Ein Gastbeitrag von Wilk Spieker, Dipl. Sozialpädagoge (FH), Koordinator für den AK Bildung NRW
Es hat einige Tage gedauert, bis mir klar wurde: Viele politische Entscheidungen im Bildungsbereich unseres Landes Nordrhein-Westfalen (NRW) und fast alle Entscheidungen, die irgendwie mit dem Totschlagargument „der demografische Wandel …“ versehen waren, können wir nun getrost entsorgen.
Überwältigt bin ich, und da stehe ich sicher nicht alleine da, von der Courage, die unsere Zivilgesellschaft aufbringt, die große Zahl an Geflüchteten zu begrüßen. Ich bin stolz auf Euch! Nachdem nun aber die Zahlen der Geflüchteten vom Kurzzeitgedächnis ins Langzeitgedächnis gewandert sind, ist mir die Tragweite der Fehlentscheidungen im Bildungsbereich der letzten Jahre bewusst geworden.
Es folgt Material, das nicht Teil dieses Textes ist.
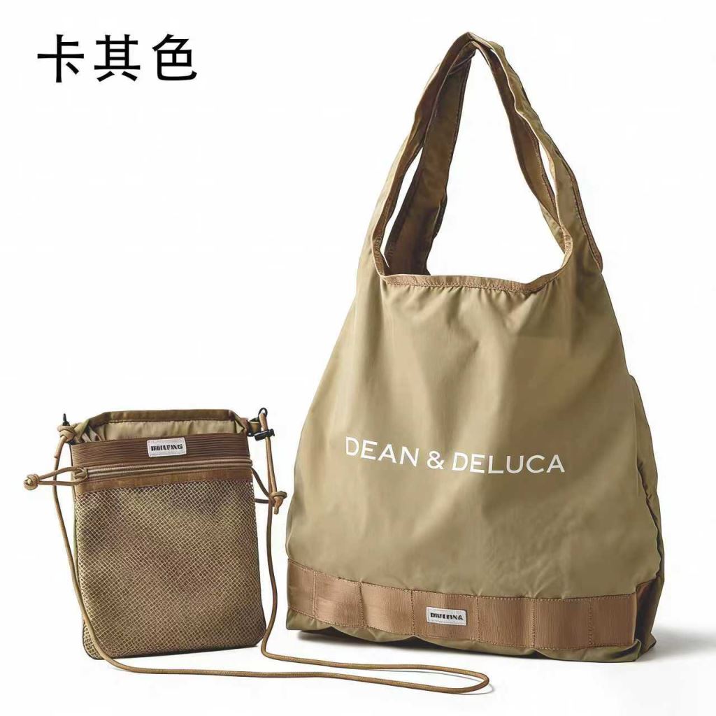 这款卡其色联名子母包套装是日常通勤与轻出行的实用搭配单品 —— 大包采用轻便耐磨的防水尼龙面料,卡其色调简约百搭,印有 “DEAN & DELUCA” 标识,大容量包身可轻松收纳通勤物品、采购物资等,宽肩带设计背负舒适不勒肩;配套的网面斜挎包则以透气网布 + 耐磨布面拼接,适合放置手机、钥匙等随身小物,也可装盛水杯、水果等需通风的物品,抽绳收口设计兼具安全性与便捷性;套装可搭配使用也可单独携带,不管是日常通勤装物、周末采购,还是短途出行收纳随身物品,都能以简约质感与实用功能,成为省心的出行好帮手。

Ich mache keinem Politiker Vorwürfe, denn die veröffentlichten Zahlen bezüglich unseres Aussterbens (Stichwort: Demografischer Wandel) gingen seit Jahren durch die Medien. Vielerorts sank die Zahl der Kinder dramatisch, Klassen konnten nicht mehr gebildet werden oder nur unter Sondergenehmigung der Bezirksregierung, Schulen mussten geschlossen werden, Schulsozialarbeit wurde deutlich eingeschränkt, von den Herausforderungen der Inklusion ganz zu schweigen. Ich würde aber den Politikern einen Vorwurf machen, wenn sie jetzt nicht das Ruder rumreißen.
Denn wenn wir nicht nur in der Zivilgesellschaft geflüchtete Menschen willkommen heißen wollen, sondern auch in der Politik, dann müssen viele Entscheidungen getroffen werden, die richtungsweisend sein müssten für ein „Willkkommen 2.0“. Es wird der Moment kommen, an dem sich die Zahl der Neuankömmlinge verringern wird, wo erste Asylverfahren zum Abschluss gebracht werden und Familien wirklich nach langer Flucht zur Ruhe kommen.
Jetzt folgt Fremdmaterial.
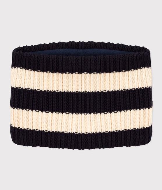 Questo snood unisex a righe è in cotone biologico ed è foderato in micropile per il massimo del calore.

Wir können natürlich nicht sagen, wie viele Kinder in den nächsten Monaten eingeschult werden müssen oder in die Kita gehen, es gibt keine Zahlen. Eine bloße Schätzung sei aber erlaubt: Ich gehe von 1 Millionen Geflüchteten im Jahr 2015 aus. Werden diese nach Einwohnerzahl auf die Bundesländer verteilt, so würden wir ca. 200.000 Menschen in NRW erwarten. Wie viele Kinder darunter sind, kann natürlich auch keiner sagen. Gehen wir von nur einem Kind im schulpflichtigen Alter pro fünf Geflüchtete aus, so müssen in NRW 40.000 Kinder in diesem oder nächstem Jahr eingeschult werden. Da sprechen wir von 1.600 Klassen zusätzlich.
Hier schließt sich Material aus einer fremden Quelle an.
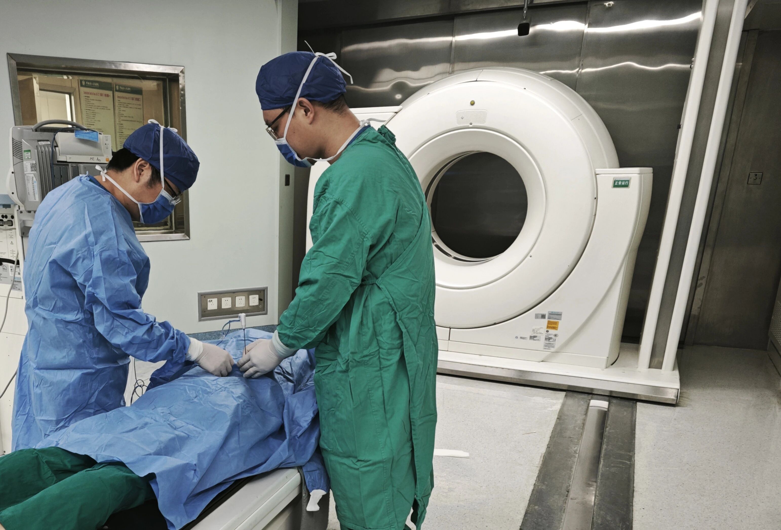 河南省人民医院胸外科团队经全面评估研讨,制定个性化方案:先行局部CT引导下左下肺结节穿刺活检+微波消融术,同期开展喉罩麻醉下左肺上叶单孔胸腔镜微创手术。
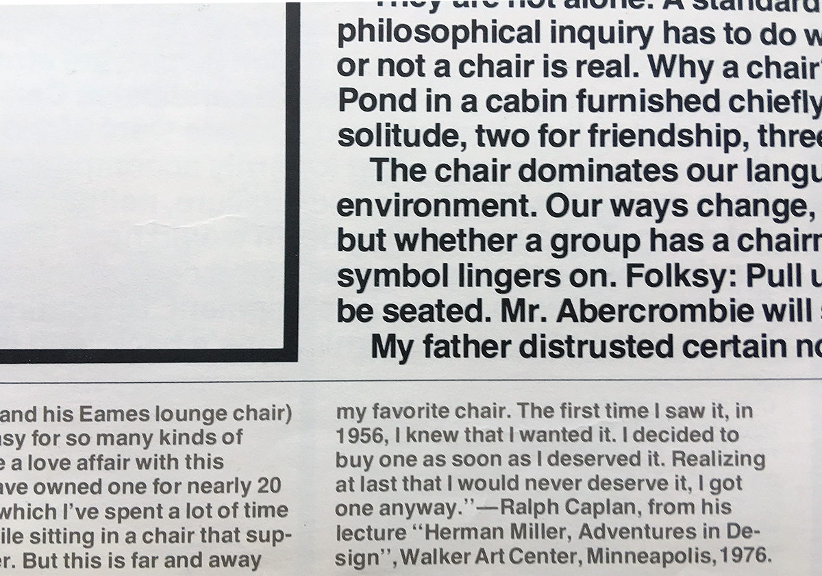 One of my favorite books is Chair by Peter Bradford. This is modernism. It is direct, true to materials, clear, minimal, and bold. The usage of Helvetica in only a few sizes and a couple of weights is relentless. Like Brutalist architecture, the design is not about dainty and delicate. It is raw and rugged, but remains flawlessly refined and elegant.

Aber das ist nicht das größte Problem!
Die in letzter Zeit sehr vernachlässigte Schulsozialarbeit wird bis an ihre Grenze gefordert werden. Die Kinder haben eine monatelange Flucht hinter sich und sind alle traumatisiert. Bei vielen wird sich eine PTBS (Posttraumatische Belastungsstörung) entwickeln, von den sprachlichen Barrieren ganz zu schweigen.
Unsere Willkommenskultur wird also gefordert sein. Wir haben aber nun die Chance, Fehler der Vergangenheit zu korrigieren: Die Wertschätzung der pädagogischen Berufe anerkennen und die Löhne anheben. Mehr Schulsozialarbeiter einstellen, Inklusionsassistenten und Integrationsassistenten in ihrer beruflichen Qualifikation endlich zu unterstützen und die Anzahl deutlich zu erhöhen, Quereinsteigern den beruflichen Umstieg in diese Bereiche zu erleichtern.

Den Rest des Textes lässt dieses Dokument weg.